### Supplied data
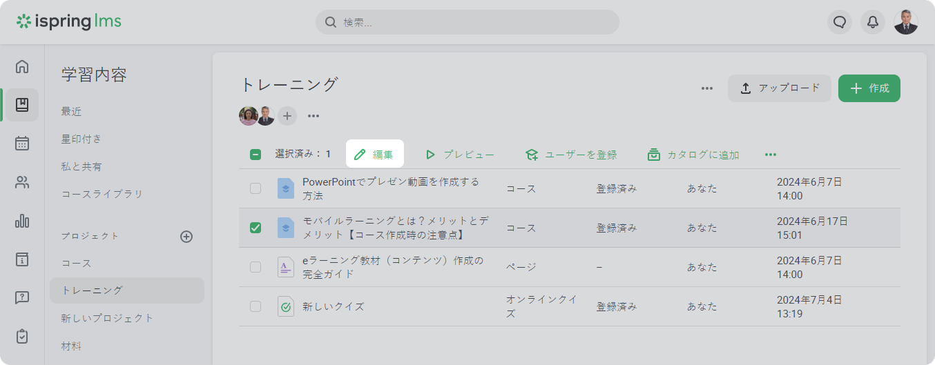 iSpring LMS 学習内容 コース Current: 自動登録 自動登録 規則として、従業員トレーニングは特定の基準に従って、同じ段階を進みます。 入社したばかりの新入社員は歓迎のコースを割り当てられ、会社について詳しく知り、事業活動の学習を始めます。 この記事では、iSpring LMSの自動登録オプションを見て行きます。 これは、従業員のグループや部門に基づいたオンライントレーニングコースを自動で割り当てることができるすばらしい機能です。 これによって、多くの時間とエネルギーを節約できます。 もちろん、必要であれば、手動登録はいつでもオプションとしてあります。 自動登録の規則追加デフォルトでは、iSpring LMSアカウントには自動登録の規則はありません。 新しい規則の作成方法:学習内容セクションで、自動で割り当てるコースを選択してそのコースを開きますコンテンツの編集ページで、対応状況タブを開きます自動登録セクションで、規則を追加をクリックします自動登録の条件を指定します。 選択した部門やグループに追加されたすべての新従業員は、選択したコースに登録されます 選択した部門とそのサブ部門のすべてのユーザーに規則を適用できます。 オプションの部門かサブ部門を選択します 次に、次のメニューでグループか部門名を選択します。規則数は無制限です。 トレーニングプロセスに必要なだけすべての規則を追加できます保存をクリックします追加する、特定のグループや部門に移動する、コース内で有効になったすべてのユーザーにコースを割り当てることができるようになりました。 規則が適用されるとすぐに、コンテンツアイテムに登録されたことが学習者に通知されます 自動登録はブロックされた(非アクティブな)ユーザーには機能しません。 自動コース登録は、まだ登録がないコースにのみ機能します。 自動登録を機能させるためには、既存の登録を削除する必要があります。 自動登録のキャンセル規則をキャンセルする方法:学習内容セクションで、自動的に割り当てられるコンテンツアイテムを選択して開きます コースの編集ページで、対応状況タブをクリックします削除したい規則の隣にあるごみ箱アイコンを押します保存をクリックします 1. 規則に使用されているグループか部門を削除する場合、規則は削除されます。 2. 規則のキャンセルは、すべての今後の登録に機能しますが、以前行われた登録はキャンセルしません。 重要自動登録規則を作成する際には、以下の重要なポイントを念頭に置いておきましょう。部門管理者は、自分が管理する部門とそのサブ部門にのみ規則を作成できます。例 アカウントのメイン部門は本社です。 販売、サポート、輸送部門が含まれます。 エドワード・ウィリアムズは、販売部門の管理者です。 販売部門のほか、そのサブ部門(コールセンターとVIP販売)の規則を追加できます。ですが、エドワードは、自分が管理していない部門の規則を作成できません。 例えば、本社と輸送部門の規則の追加、編集、削除の許可はありません。 部門管理者はグループの規則を作成でき、自分が管理していない部門に属するユーザーにも機能します。例 販売部門の管理者、エドワード・ウィリアムズが学習者グループの規則を作成しました。 このグループに追加されたすべての従業員は、「会社について知る」コースに自動的に登録されます。エドワードが作成した規則は、彼が管理する部門に属する学習者だけに機能するわけではありません。 「会社について知る」コースは、インターングループに追加または削除されるとすぐに、サポートと本社部門に属する生徒に割り当てられます。 作成された規則は、すでに条件に満足しているユーザーには影響を与えません。 自動登録は、今後の変更にのみ適用されます。 ダイアン・シルバーズは、トレーニンググループの開始に属します。 管理者は新しい規則を作成します:このグループに追加または移動されたすべての学習者は、HTML基本コースに登録されます。 ですが、規則はダイアンには機能せず、コンテンツは割り当てられません。 ですが、規則が作成された後に「トレーニング開始」グループに追加されたテディ・ブレイクは、すぐにコースに登録されました。 規則は以前コンテンツに登録された学習者には適用されません。 管理者は、アカウントにキャロライン・ジェンセンを追加し、彼女にアンケートを割り当てました。 後に、キャロラインはインターン部門に追加されました。 これが自動登録を引き起こし、この部門に追加または削除されるどのユーザーにもアンケートを割り当てます。ですが、アンケートは、繰り返してキャロラインに割り当てられませんでした。 プロパティと設定はコースで変更されることがあります。コースは、自動登録規則が機能する時に設定されるパラメータと割り当てられることにご注意ください。 ×
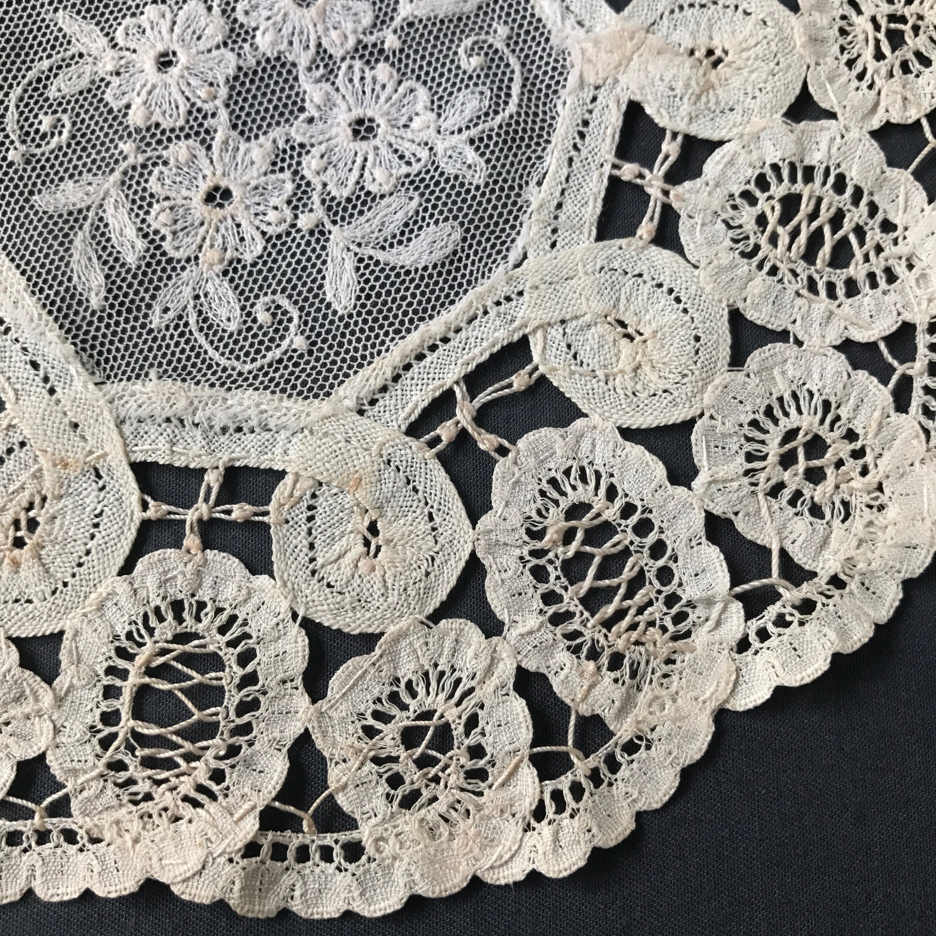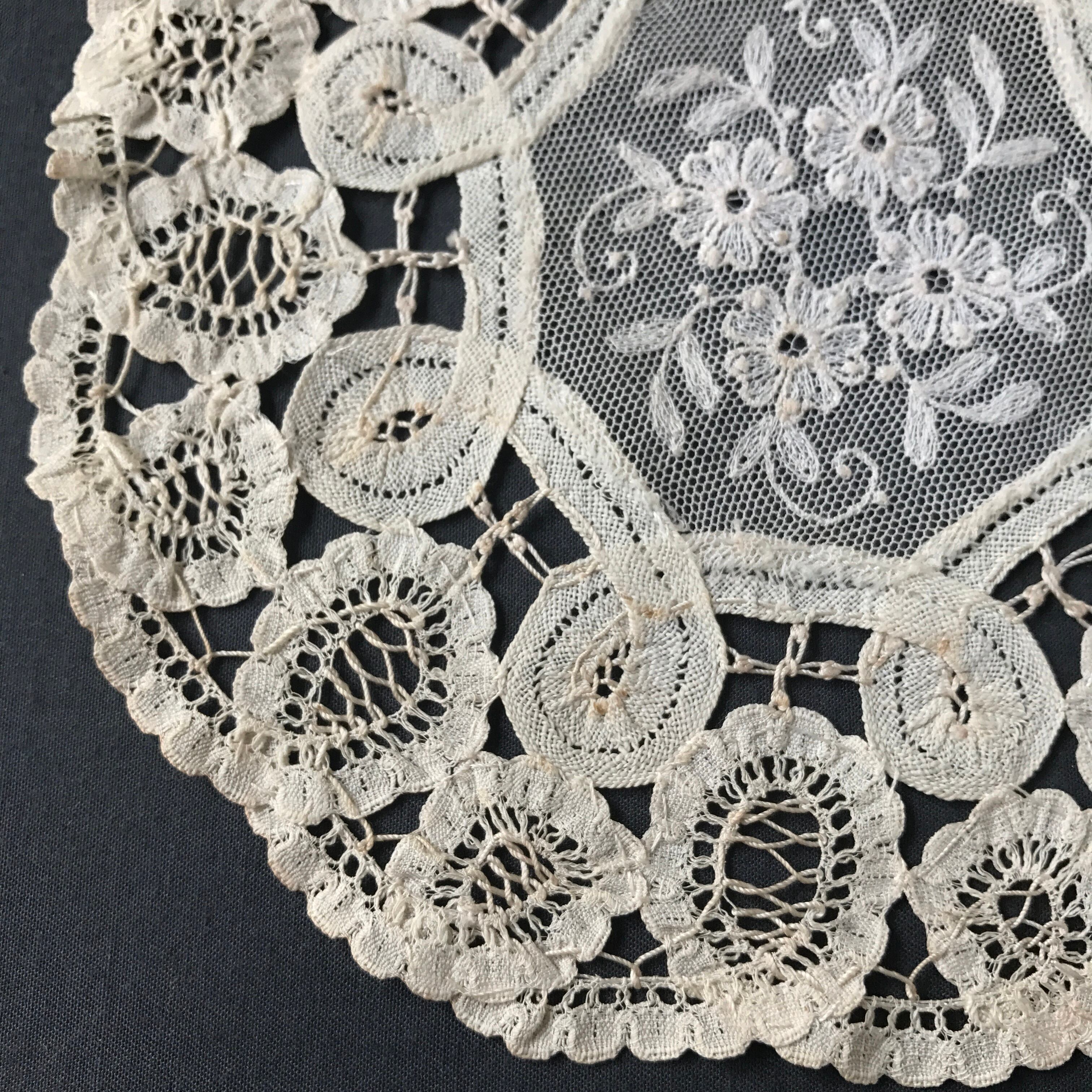 ・直径 18㎝ 中央はチュールにバンドの花の刺繍が入り、周りをバテンレースで繋ぎあわせた可愛らしいレースドイリーです。フランスアンティーク。
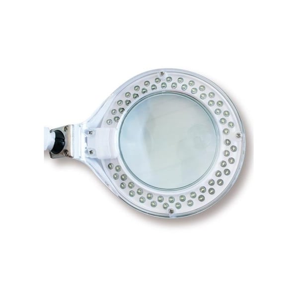 Esta lámpara de sobremesa con base está especialmente indicada para examinar piedras o para realizar cualquier trabajo de precisión. De reducidas dimensiones y diseño ergonómico, consta de una lente bifocal de alta calidad con 3 dioptrías (1,75x) y 100 mm de diámetro. Incluye una pequeña lente de aumento de 12 dioptrías (4x). Genera una luz fría anular con leds de luz Daylight sin producir sombras ni brillos. Es de bajo consumo y tiene una baja emisión de calor. Dispone de una tapa abatible protectora para la lente. Cuando no se usa, la lupa toma la apariencia de una lámpara normal de atractivo diseño.

### Task prompt
Copy all of the listing word for word, minus the images.

### Solution for this task
 iSpring LMS 学習内容 コース Current: 自動登録 自動登録 規則として、従業員トレーニングは特定の基準に従って、同じ段階を進みます。 入社したばかりの新入社員は歓迎のコースを割り当てられ、会社について詳しく知り、事業活動の学習を始めます。 この記事では、iSpring LMSの自動登録オプションを見て行きます。 これは、従業員のグループや部門に基づいたオンライントレーニングコースを自動で割り当てることができるすばらしい機能です。 これによって、多くの時間とエネルギーを節約できます。 もちろん、必要であれば、手動登録はいつでもオプションとしてあります。 自動登録の規則追加デフォルトでは、iSpring LMSアカウントには自動登録の規則はありません。 新しい規則の作成方法:学習内容セクションで、自動で割り当てるコースを選択してそのコースを開きますコンテンツの編集ページで、対応状況タブを開きます自動登録セクションで、規則を追加をクリックします自動登録の条件を指定します。 選択した部門やグループに追加されたすべての新従業員は、選択したコースに登録されます 選択した部門とそのサブ部門のすべてのユーザーに規則を適用できます。 オプションの部門かサブ部門を選択します 次に、次のメニューでグループか部門名を選択します。規則数は無制限です。 トレーニングプロセスに必要なだけすべての規則を追加できます保存をクリックします追加する、特定のグループや部門に移動する、コース内で有効になったすべてのユーザーにコースを割り当てることができるようになりました。 規則が適用されるとすぐに、コンテンツアイテムに登録されたことが学習者に通知されます 自動登録はブロックされた(非アクティブな)ユーザーには機能しません。 自動コース登録は、まだ登録がないコースにのみ機能します。 自動登録を機能させるためには、既存の登録を削除する必要があります。 自動登録のキャンセル規則をキャンセルする方法:学習内容セクションで、自動的に割り当てられるコンテンツアイテムを選択して開きます コースの編集ページで、対応状況タブをクリックします削除したい規則の隣にあるごみ箱アイコンを押します保存をクリックします 1. 規則に使用されているグループか部門を削除する場合、規則は削除されます。 2. 規則のキャンセルは、すべての今後の登録に機能しますが、以前行われた登録はキャンセルしません。 重要自動登録規則を作成する際には、以下の重要なポイントを念頭に置いておきましょう。部門管理者は、自分が管理する部門とそのサブ部門にのみ規則を作成できます。例 アカウントのメイン部門は本社です。 販売、サポート、輸送部門が含まれます。 エドワード・ウィリアムズは、販売部門の管理者です。 販売部門のほか、そのサブ部門(コールセンターとVIP販売)の規則を追加できます。ですが、エドワードは、自分が管理していない部門の規則を作成できません。 例えば、本社と輸送部門の規則の追加、編集、削除の許可はありません。 部門管理者はグループの規則を作成でき、自分が管理していない部門に属するユーザーにも機能します。例 販売部門の管理者、エドワード・ウィリアムズが学習者グループの規則を作成しました。 このグループに追加されたすべての従業員は、「会社について知る」コースに自動的に登録されます。エドワードが作成した規則は、彼が管理する部門に属する学習者だけに機能するわけではありません。 「会社について知る」コースは、インターングループに追加または削除されるとすぐに、サポートと本社部門に属する生徒に割り当てられます。 作成された規則は、すでに条件に満足しているユーザーには影響を与えません。 自動登録は、今後の変更にのみ適用されます。 ダイアン・シルバーズは、トレーニンググループの開始に属します。 管理者は新しい規則を作成します:このグループに追加または移動されたすべての学習者は、HTML基本コースに登録されます。 ですが、規則はダイアンには機能せず、コンテンツは割り当てられません。 ですが、規則が作成された後に「トレーニング開始」グループに追加されたテディ・ブレイクは、すぐにコースに登録されました。 規則は以前コンテンツに登録された学習者には適用されません。 管理者は、アカウントにキャロライン・ジェンセンを追加し、彼女にアンケートを割り当てました。 後に、キャロラインはインターン部門に追加されました。 これが自動登録を引き起こし、この部門に追加または削除されるどのユーザーにもアンケートを割り当てます。ですが、アンケートは、繰り返してキャロラインに割り当てられませんでした。 プロパティと設定はコースで変更されることがあります。コースは、自動登録規則が機能する時に設定されるパラメータと割り当てられることにご注意ください。 ×
 ・直径 18㎝ 中央はチュールにバンドの花の刺繍が入り、周りをバテンレースで繋ぎあわせた可愛らしいレースドイリーです。フランスアンティーク。
 Esta lámpara de sobremesa con base está especialmente indicada para examinar piedras o para realizar cualquier trabajo de precisión. De reducidas dimensiones y diseño ergonómico, consta de una lente bifocal de alta calidad con 3 dioptrías (1,75x) y 100 mm de diámetro. Incluye una pequeña lente de aumento de 12 dioptrías (4x). Genera una luz fría anular con leds de luz Daylight sin producir sombras ni brillos. Es de bajo consumo y tiene una baja emisión de calor. Dispone de una tapa abatible protectora para la lente. Cuando no se usa, la lupa toma la apariencia de una lámpara normal de atractivo diseño.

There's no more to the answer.